**Collected data**
::::::::

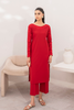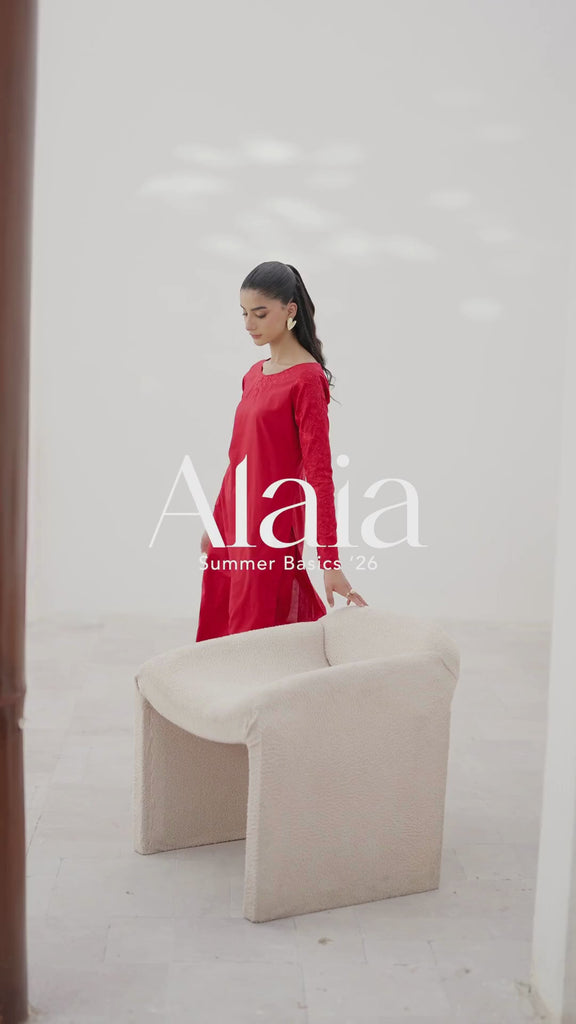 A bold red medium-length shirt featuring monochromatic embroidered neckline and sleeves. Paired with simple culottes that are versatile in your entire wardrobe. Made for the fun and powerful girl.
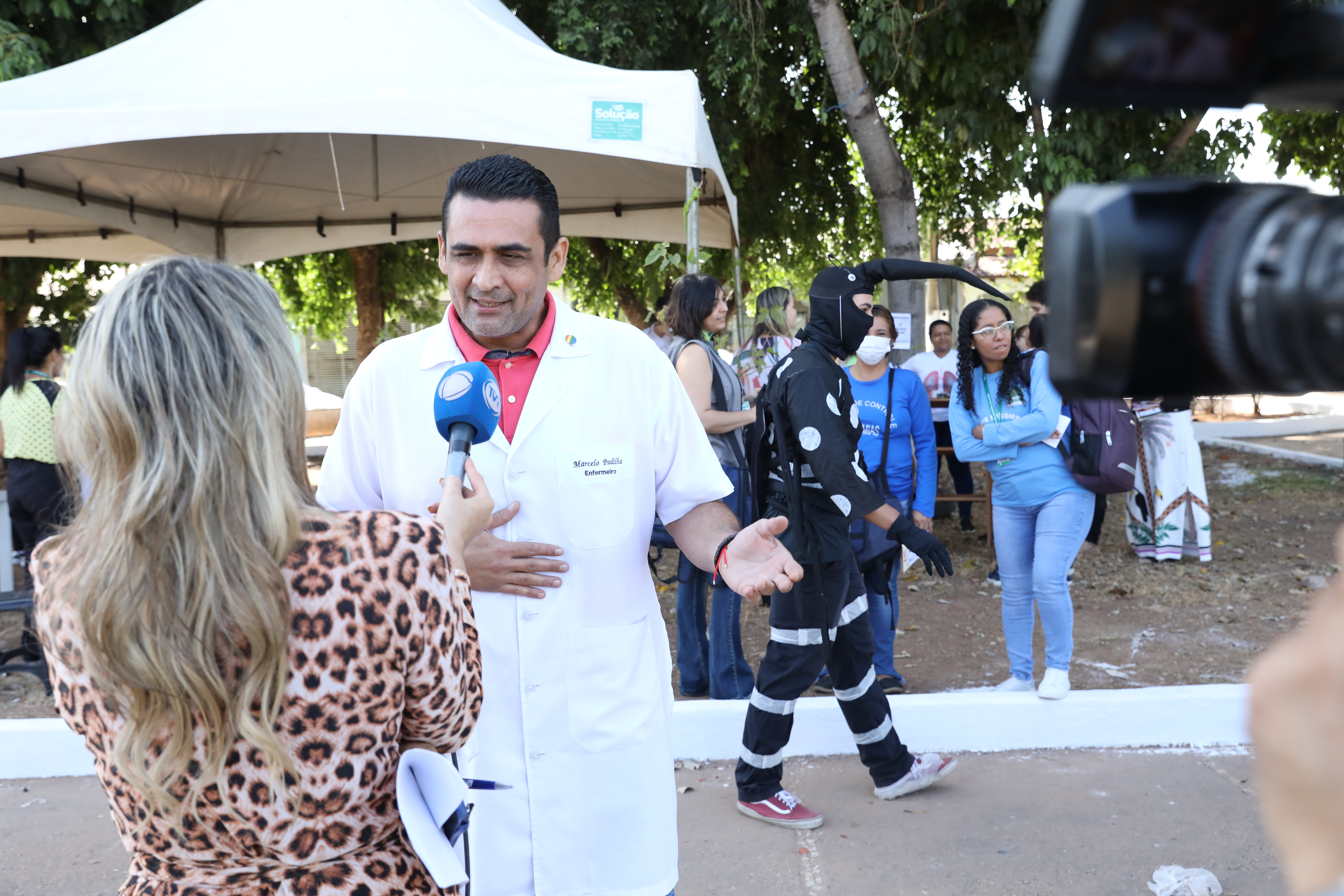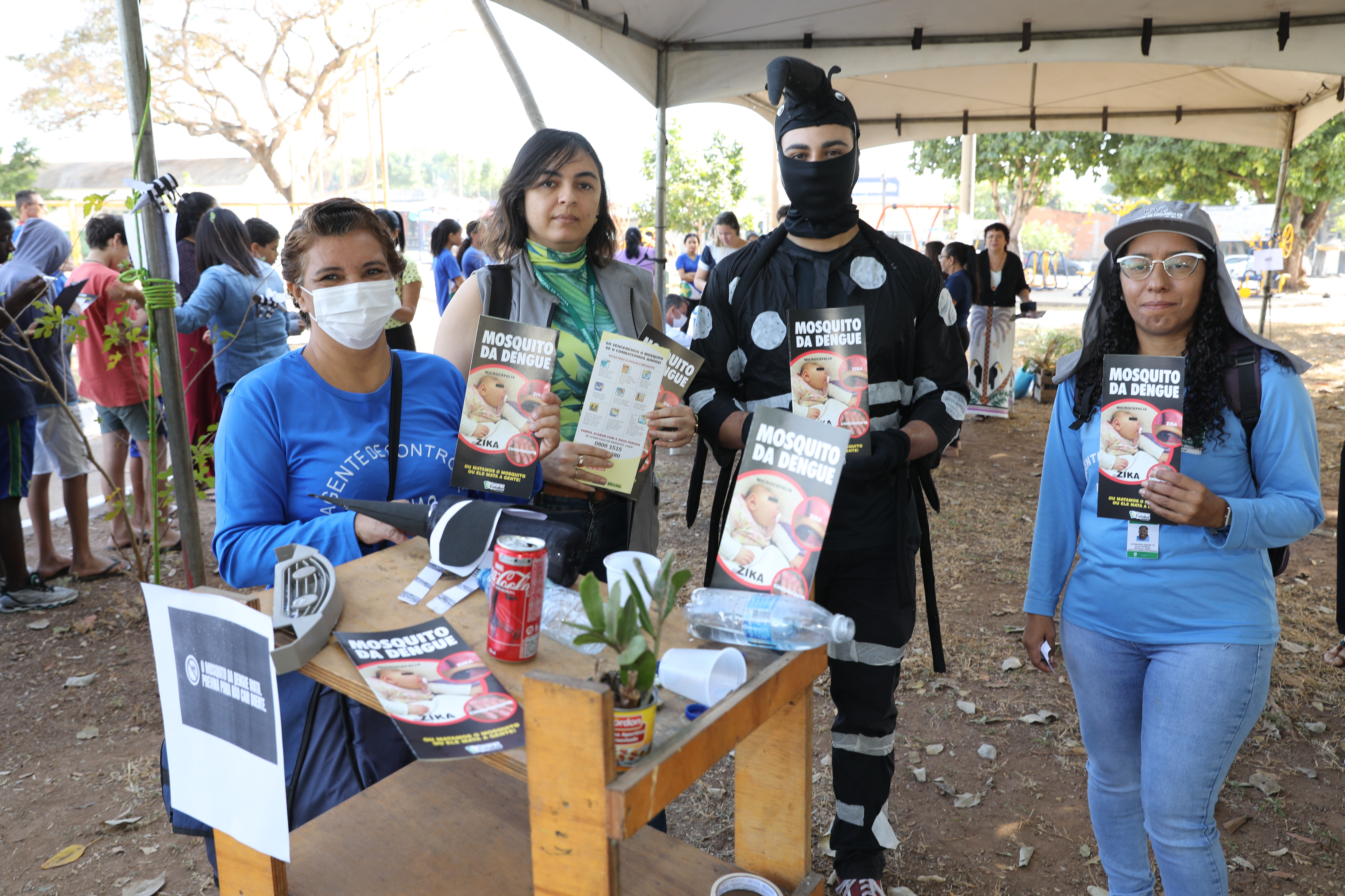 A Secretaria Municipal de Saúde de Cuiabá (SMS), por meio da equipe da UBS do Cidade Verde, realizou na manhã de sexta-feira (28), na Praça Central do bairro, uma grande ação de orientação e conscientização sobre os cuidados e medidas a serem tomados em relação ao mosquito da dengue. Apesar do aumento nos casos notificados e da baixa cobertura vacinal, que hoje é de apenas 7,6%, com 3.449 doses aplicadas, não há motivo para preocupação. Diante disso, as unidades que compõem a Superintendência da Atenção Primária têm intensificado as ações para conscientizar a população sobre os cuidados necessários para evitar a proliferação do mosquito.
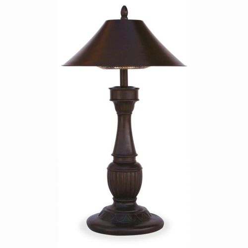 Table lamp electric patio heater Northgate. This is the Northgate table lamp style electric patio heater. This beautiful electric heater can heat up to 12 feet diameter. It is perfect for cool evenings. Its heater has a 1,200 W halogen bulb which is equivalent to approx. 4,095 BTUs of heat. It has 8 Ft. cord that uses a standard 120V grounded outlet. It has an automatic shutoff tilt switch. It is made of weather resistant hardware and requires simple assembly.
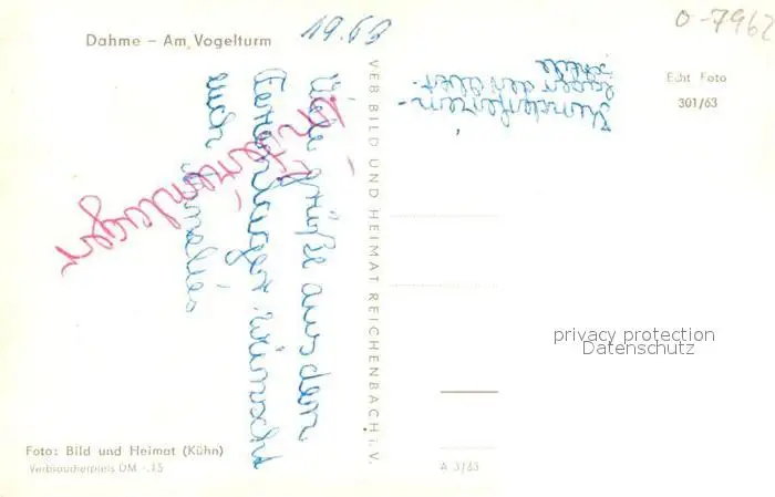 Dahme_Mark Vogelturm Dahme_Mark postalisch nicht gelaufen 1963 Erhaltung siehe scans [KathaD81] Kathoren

::::::::

**About this exercise**
Only the lines from the first line of the data above through the line with "A Secretaria Municipal" should appear in the answer, retyped exactly, with every picture left out.

**Answer for the task**
 A bold red medium-length shirt featuring monochromatic embroidered neckline and sleeves. Paired with simple culottes that are versatile in your entire wardrobe. Made for the fun and powerful girl.
 A Secretaria Municipal de Saúde de Cuiabá (SMS), por meio da equipe da UBS do Cidade Verde, realizou na manhã de sexta-feira (28), na Praça Central do bairro, uma grande ação de orientação e conscientização sobre os cuidados e medidas a serem tomados em relação ao mosquito da dengue. Apesar do aumento nos casos notificados e da baixa cobertura vacinal, que hoje é de apenas 7,6%, com 3.449 doses aplicadas, não há motivo para preocupação. Diante disso, as unidades que compõem a Superintendência da Atenção Primária têm intensificado as ações para conscientizar a população sobre os cuidados necessários para evitar a proliferação do mosquito.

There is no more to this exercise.